Laurie Lee, CEO, Care International UK
As in many parts of Africa, Zambia’s healthcare system is hugely stretched and relies on a vast network of unpaid community health workers. These volunteers provide valuable health education and advice but there is only so much they can do if medicines or even basic health-improving products such as soap and toothpaste, are not readily available nearby.
The Live Well social enterprise, set up in 2015 in partnership between CARE, GSK and Barclays, aims to close this gap between demand and supply. It has trained 480 existing and new community health workers in Zambia to become Live Well Community Health Entrepreneurs (CHEs), able to provide health advice and sell basic medicines, hygiene and nutrition products at affordable prices, door-to-door in rural communities, reaching 660,000 people since 2015. CHEs use their earnings to restock through Live Well’s local distribution network and many are now generating over $70 per month in supplementary income. This is a welcome boost, as Live Well’s entrepreneurs are often from farming households, living on unreliable earnings. As Alex Burrough, Live Well Managing Director explains:
“Live Well brings together fantastic partners who are able to work collectively in bringing vital health products to people who are otherwise unable to access them. Through training volunteers, we are allowing them to create a livelihood for themselves, so Live Well brings not only health benefits but a wider social impact as well.”
I first had the opportunity to see Live Well in action in 2016; you can watch my short film and read my blog from that visit here. One of the things that struck me was how people have to make incredibly hard choices about health when they don’t have easy access to products and services.
I met a couple, Natalia and Mike, who explained that before Live Well started coming to their village, they would have to travel 25km by taxi to buy medicine in the nearest town. A one-way journey would cost them more than a whole day’s income, so they would only do it in an emergency. They told me that Live Well’s prices are as good as in town and they can just ring their Live Well entrepreneur and he will deliver the medicine they need. Imagine the difference this makes to their lives.

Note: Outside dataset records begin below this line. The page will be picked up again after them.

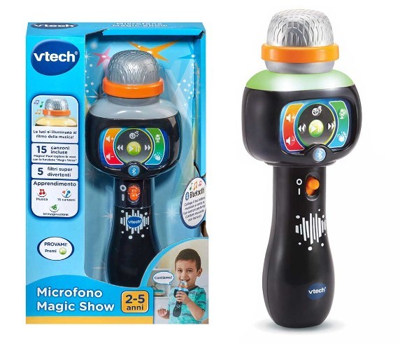 VTech Microfono Magic Show è il microfono karaoke ideale per bambini dai 2 ai 5 anni. Include 15 canzoni e 5 filtri vocali divertenti per trasformare ogni performance in uno spettacolo unico. Grazie al Bluetooth, i piccoli possono collegare dispositivi esterni e cantare le loro canzoni preferite. La regolazione del volume e il design sicuro rendono il gioco divertente e adatto ai più piccoli. Completamente in lingua italiana e pronto all’uso grazie alle batterie incluse, stimola la creatività, il senso del ritmo e l’amore per la musica.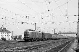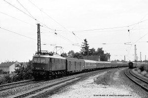 1972 war die Strecke zwischen dem Augsburger Hauptbahnhof und Hochzoll noch zweigleisig. 119 011 hat soeben mit dem "Saßnitz-Express", D490, die Lechbrücke passiert und rollt jetzt ohne große Anstrengung dem nächsten Halt in Augsburg Hbf entgegen. 14.08.72. |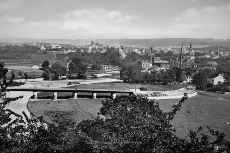 Vermutlich bereits in der Vorkriegszeit entstand das für dieses Kapitel verwendete Beitragsbild. Es zeigt die 1937 errichtete neue Ruhrbrücke (Verlag Cramers Kunstanstalt, Dortmund – Sammlung Ludwig Schönefeld). Trotz der eher dürftigen Druckqualität sind die erhöhten Pfeiler und die neu angelegte Rampe auf der Südseite der Brücke gut zu sehen.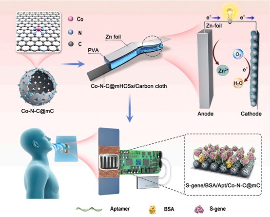 自2019年底至2023年,严重急性呼吸道综合征冠状病毒2(SARS-CoV-2)在全球范围内迅速传播,威胁生命安全并引发了严重的社会与经济问题。课题组开发出一种基于高输出电压的锌空气电池(ZABs)自供电电化学适体传感器,能够高灵敏度和选择性地检测SARS-CoV-2 S基因。由一种新型混合电催化剂——Co-N-C活性位点包裹的空心碳球(mHCSs),简称Co-N-C@mHCSs。这种催化剂具有稳定且均匀分布的活性位点和优异的催化性能,可作为组装柔性ZAB的阴极催化剂和固定SARS-CoV-2 S基因靶向适体的生物平台。该自供电电化学适体传感器对SARS-CoV-2 S基因的检测范围为1 fg/mL至10 ng/mL,最低检测限(LOD)可达0.35 fg/mL,并且具有其他优异的传感性能。改进后的ZAB具有较高的输出功率密度,并可通过手机读取响应,使得ZAB-SPA在原位检测S基因方面具有实际应用价值。通过更换生物探针,该研究为在移动人群中检测流行病提出了一种新的自供电适体传感方法。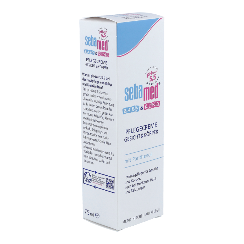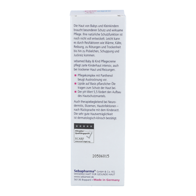sebamed Baby & Kind Pflegecreme pflegt zarte Kinderhaut intensiv, auch bei trockener Haut und Reizungen. Auch therapiebegleitend bei Neurodermitis, Ekzemen, Hautinfektionen – nach Rücksprache mit dem Kinderarzt. Die sehr gute Hautverträglichkeit ist dermatologisch-klinisch bestätigt.
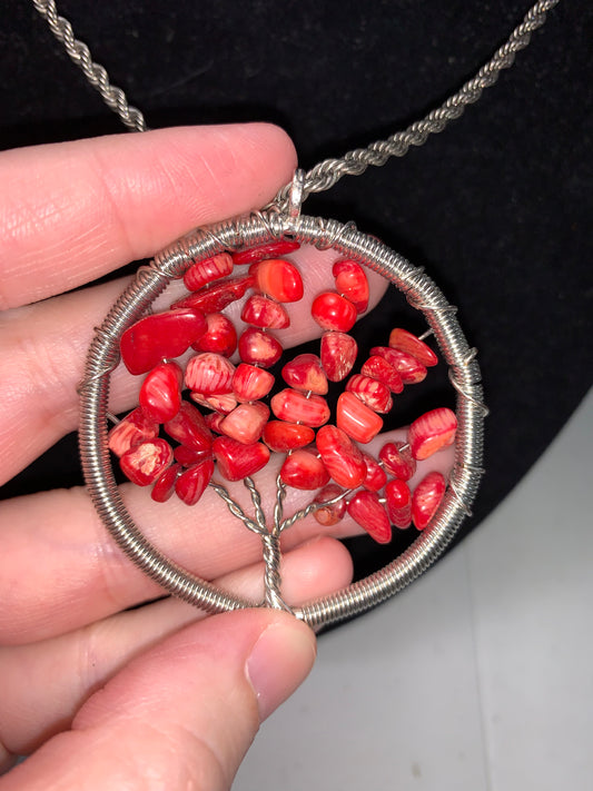 18" 4mm Rope chain with Red Coral Tree of Life Pendant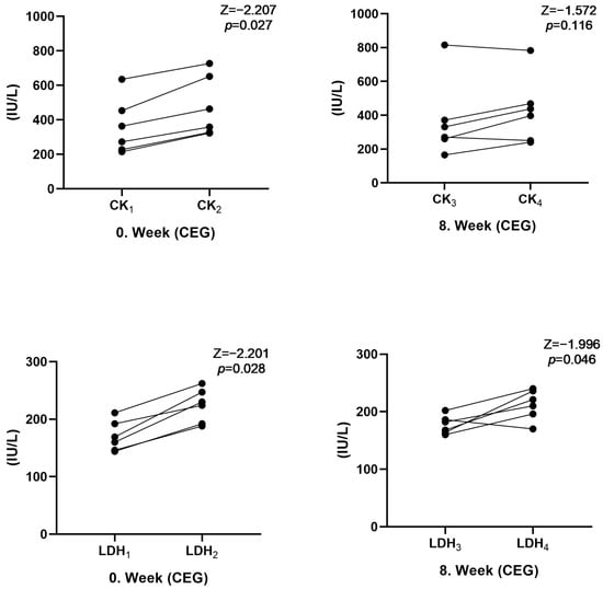 Figure 4 shows the acute changes in the biochemical parameters of the participants. Accordingly, CK (Z = −2.207, p = 0.027) and LDH (Z = −2.201, p = 0.028) values increased significantly after 60 min of submaximal exercise at week 0 in the CEG. No changes were observed in these parameters at week 8. There was no change in other hematological or biochemical parameters in the CEG (p > 0.05). In the CG, no acute changes were observed in any of the hematological or biochemical parameters after 60 min of submaximal exercise (p > 0.05).
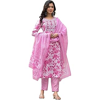 GoSriKi Women’s Cotton Blend Straight Printed Kurta with Pant & Dupatta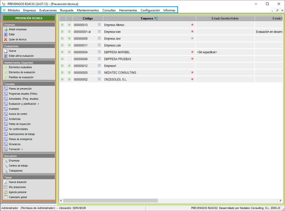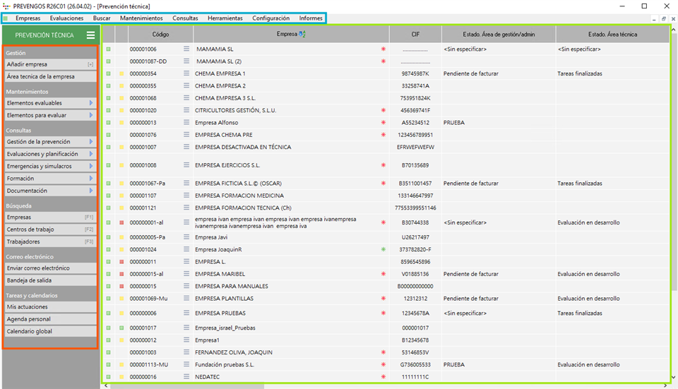 En la parte superior, destacado dentro de un cuadro azul dispone de la barra de menús desplegables, en la parte central destacado con un cuadro verde dispone del listado de empresas que se han incorporado en el módulo técnico y en la columna lateral izquierda destacado con un cuadro naranja dispone de accesos directos a gestión de empresas, mantenimientos, consultas, buscadores, herramientas e informes.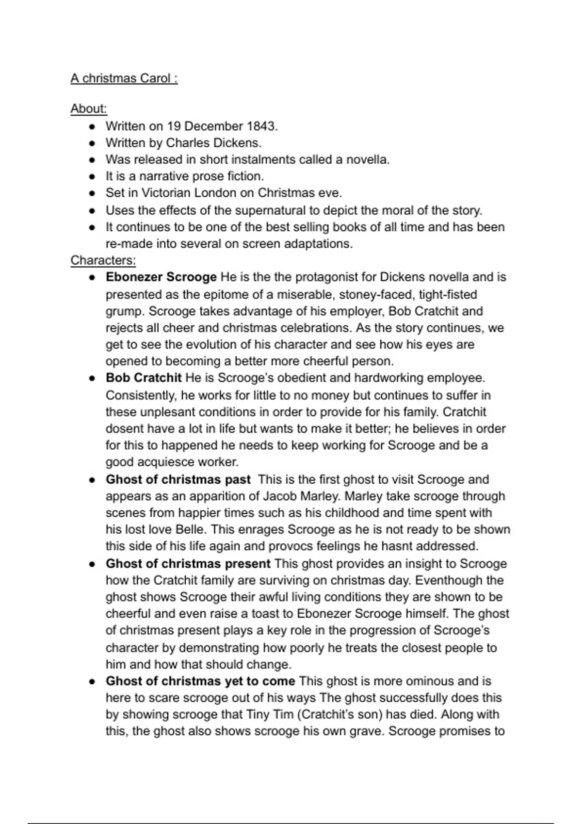 This is a few pages of in-depth A Christmas Carol notes from a former GCSE AQA student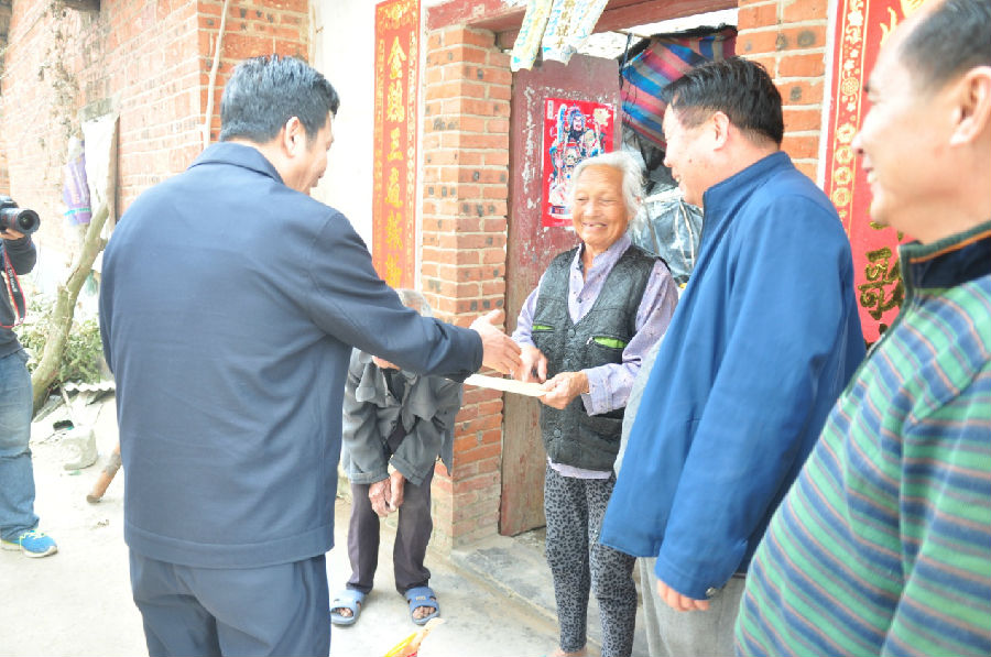 當(dāng)廣西銀億公司工會(huì)主席章群宏把慰問金、優(yōu)質(zhì)大米、食用油送到困難村民家里,一位白發(fā)蒼蒼的老大娘握著章主席的手眼含淚水,激動(dòng)的地說:“銀億救了我們?nèi)遥瑳]有銀億我這個(gè)家早就撐不下去了,感謝銀億公司,”章群宏主席深情地說:“我代表銀億公司來慰問你們,雖然金額不多,表示一點(diǎn)心意,買點(diǎn)年貨,幫助你們度過難關(guān),過個(gè)幸福年,希望你們?cè)缛彰撠氈赂唬⒆觽兒煤脤W(xué)習(xí),長大了,學(xué)成歸來時(shí)歡迎到銀億公司來工作,銀億公司和你們共同發(fā)展”。
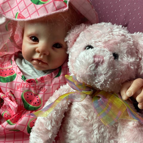 Reborn baby (kit Sophia af Ann Timmerman)• Ca. 54 cm lang• Vægt ca. 2765 g – realistisk tyngde• Chokoladebrunt mohair/babyhår• Brune glasøjne• Lavet af Bente Kofoed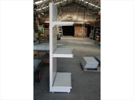 Etagère murale Dimensions : 7 m 10 pieds 10 montants H 210 cm 21 plateaux (pour étagère) 100 cm x 45 cm 30 panneaux de fond 34 supports pour les plateaux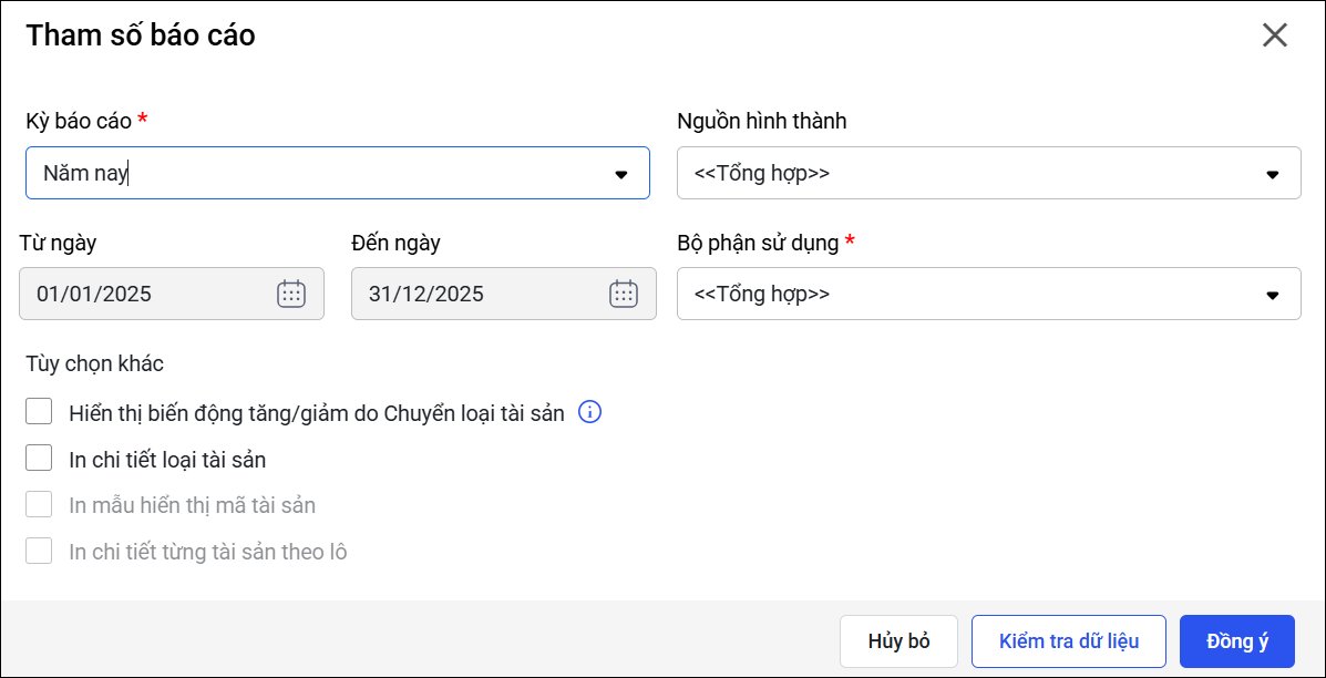 • Chọn “Tổng hợp” để hiển thị toàn bộ tài sản, không phân biệt theo bộ phận sử dụng (thường chọn tham số này).

Corporate-NGO partnerships are vital for improving healthcare access
The Live Well concept is simple but turning it into a reality in rural Zambia involved solving many challenges, including local warehousing and distribution as well as training and start-up capital for CHEs. Solving these challenges required partnership; no one company or NGO alone could have turned the Live Well idea into a success.
Sustainable Development Goal 17 sets out how multi-sector partnerships are essential to accelerate transformation in developing countries. Live Well, awarded the 2018 Bond International Development Award for Corporate Partnerships, brings together the right corporate-NGO partners in a powerful way.
CARE brings an understanding of working with local communities and community health workers, Barclays brings knowledge of enterprise skills training and effective business models for small and medium sized enterprises and GSK brings health and supply chain expertise and the ability to engage and negotiate with local distributors. As Andy Wright, Vice President, Global Health Programmes at GSK explains, the partners are not only bringing their strengths, but gaining valuable learning too:
“GSK believes that the long-term success of our business is linked to the wellbeing of the communities in which we operate, which is why we worked with Barclays and CARE to explore new businesses models to deliver societal and commercial value to rural Africa. Live Well is already having an impact in Zambia, both in terms of improving access to healthcare and creating new employment opportunities. The partnership has also given us a great deal of insight along the way in terms of what works and what doesn’t.”
A promising future
While there are still challenges, Live Well goes from strength to strength as a highly replicable model for solving two problems: firstly, ensuring ‘last mile’ distribution of basic medicine and health products in remote, rural areas, and secondly, for incentivising community health volunteers – vital foot soldiers of the health system in many parts of Africa.
The Zambian Ministry of Health sees promise in the model, recognising Live Well as a best practice scheme for motivation and retention of community-based volunteers. It has also granted Live Well a license to sell certain products that can otherwise only be sold in pharmaceutical stores. Elesia, a Live Well Community Health Entrepreneur, pictured here, is optimistic about the future too:
“I’m putting more money in my pocket while saving people’s lives. People love our products. People love the work we are doing to help communities and we don’t want to stop on the way to success.”